Les agresseurs du bar gay derrière les barreaux
Les agresseurs du bar gay derrière les barreaux
Ils sont en prison. Les trois hommes qui ont agressé un employé et les deux patrons du bar gay Le Vice Versa à Lille, mercredi, mis en examen pour violences volontaires et injures homophobes, passaient vendredi en comparution immédiate. Ils seront finalement jugés le 13 mai. La juge les a longuement interrogés. Ils ont été placés en détention provisoire.
Ils contestent les faits : des coups, des insultes homophobes, des jets de chaises dans la vitrine du bar. Deux d’entre eux reconnaissent des «dégradations». La procureure parle de «pluie d’injures», signale que certains portent des « tatouages en lien avec des idéologies extrémistes ».
L’affaire a été en partie filmée. Sur la vidéosurveillance, raconte la juge, «on voit un échange de regards», avec une victime. «Et hors champ de caméra, quelque chose qui ressemble à des coups», continue la juge. «Il y a eu des chaises utilisées comme des armes pour frapper. On a un témoin qui confirme.»
Qui sont ces trois hommes ? Yohan M., 25 ans, sweat gris à capuche, est agent de réseau aux Eaux du Nord, en CDI depuis 7 ans, il a toujours travaillé. Il a un BEP sanitaire et thermique, un CAP de canalisateur. Il vit chez ses parents. Au travail, tout va bien : l’employeur confirme. Idéologie ? Yohan M. se penche sur le micro : «Extrême droite. Pas forcément politisé.» La juge insiste : sa présence dans le bar mercredi soir avait-elle à voir avec ses «idées politiques» ? «Rien à voir.»
Jean-Philippe B., 18 ans, le plus jeune, cheveu noir très court, joues creusées, réajuste tout le temps son sweat bleu à capuche autour de son cou. Il est connu du juge des enfants au titre de l’enfance en danger. Il a été placé en foyer à l’âge de six ans. La juge lit le dossier de l’Aide sociale à l’enfance : son beau-père l’a suspendu par les pieds dans le vide, du haut du balcon, et l’a nourri de pain sec et d’eau. Selon son avocat, son père a été condamné à tort à 10 ans de prison pour viol sur sa fille, sur la foi de faux témoignages de la mère et du beau-père. Jean-Philippe B. vit d’intérim, sa dernière mission remonte à 15 jours. Il trouve des missions «facilement». Reconnaît être d’extrême droite quand la juge le lui demande, mais ne voit pas de lien avec sa présence au bar gay. Il avait commencé un bac pro mécanique, mais a été viré de son lycée après une rixe. Il a commencé un CAP de couverture, interrompu aussi. «Je fréquentais la belle-sœur du patron, ça lui plaisait pas.»
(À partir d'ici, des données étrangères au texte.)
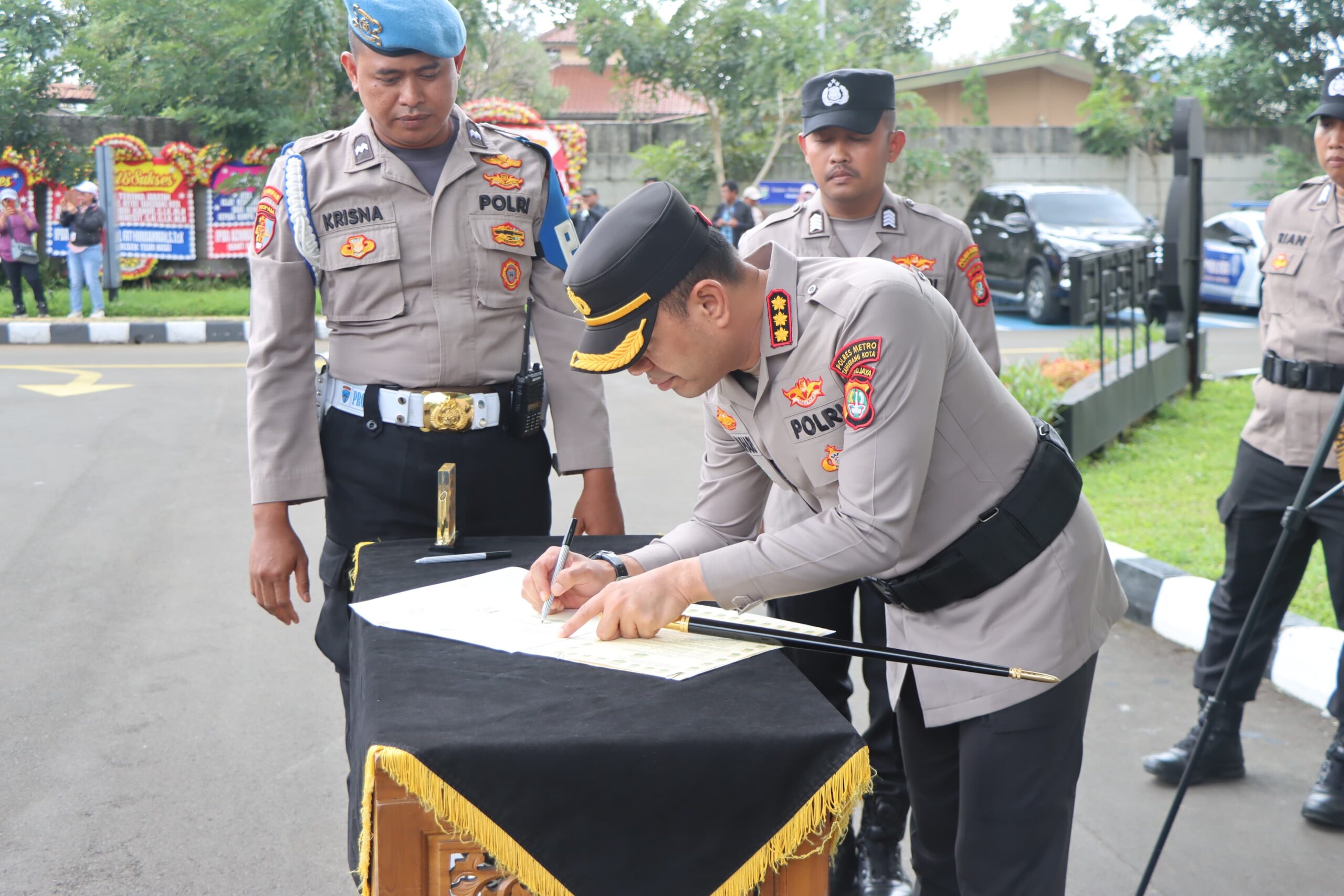 Upacara sertijab dipimpin langsung oleh Kapolres Metro Tangerang Kota, Kombes Pol. Dr. Raden Muhammad Jauhari, S.H., S.I.K., M.Si., serta dihadiri para pejabat utama, kapolsek jajaran, dan personel Polres maupun Polsek.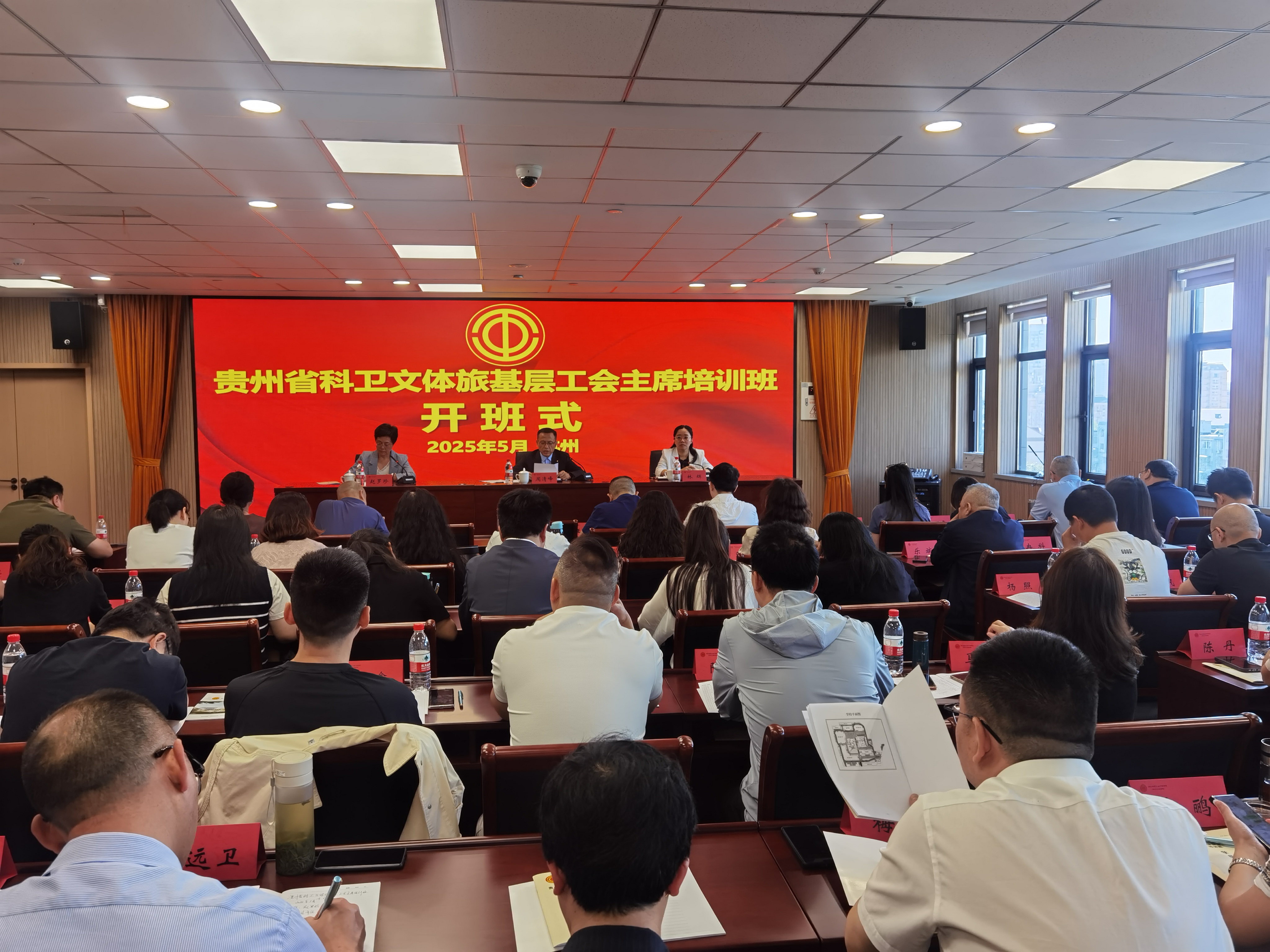 5月12日上午,贵州省科卫文体旅基层工会主席培训班顺利开班,浙江省总工会干部学校党委书记、校长林辉致辞,贵州省科卫文体旅工会主席周清峰动员讲话,开班式由贵州省总工会干部学校党委副书记、纪委书记赵罗珍主持,培训班66人参加开班式。
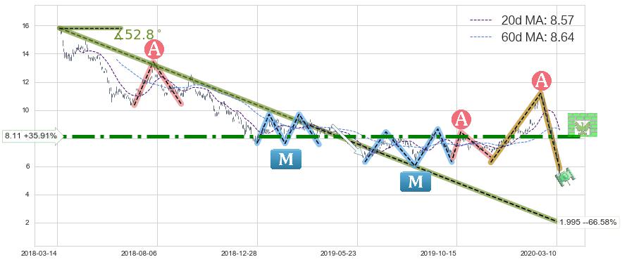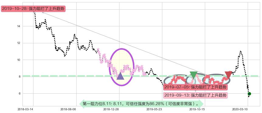 ♘ 阻力价格位8.11,可信任强度86.28%,距离最后交易2020-03-13形成的收盘价格5.97相差 +35.91%

Flavien M., 24 ans, est marié depuis deux mois avec une modéliste, qui le trouve «attentionné», il a un garçon de 21 mois, est propriétaire. Il a un BEP de canalisateur, il travaille avec Yohan M. Il ne se reconnaît pas d’extrême droite. Il était à «une manifestation en début de soirée». La manifestation contre le mariage pour tous place de la République, c’est probable. Il ne comprend pas pourquoi il est dans le box. «C’est disproportionné.» Ce soir-là, il avait trop bu. «Je ne bois pas souvent, mais quand je bois, c’est beaucoup.» La juge : «Vous avez l’alcool méchant.» Flavien M. : «Non.» Il a pris rendez vous avec un addictologue le 24 avril. Il n’y sera pas, il attendra son jugement en prison. «Je rejoins mes camarades sur le fait que c’est disproportionné. Il y a eu juste des dégradations et quelques violences.» La juge : «Vous étiez aux premières loges.» Fabien ne se démonte pas : «Sur le fait, non. J’étais au coin de la rue.» Jean-Philippe, interdit de stade, a reconnu devant les enquêteurs qu’il était «un peu hooligan».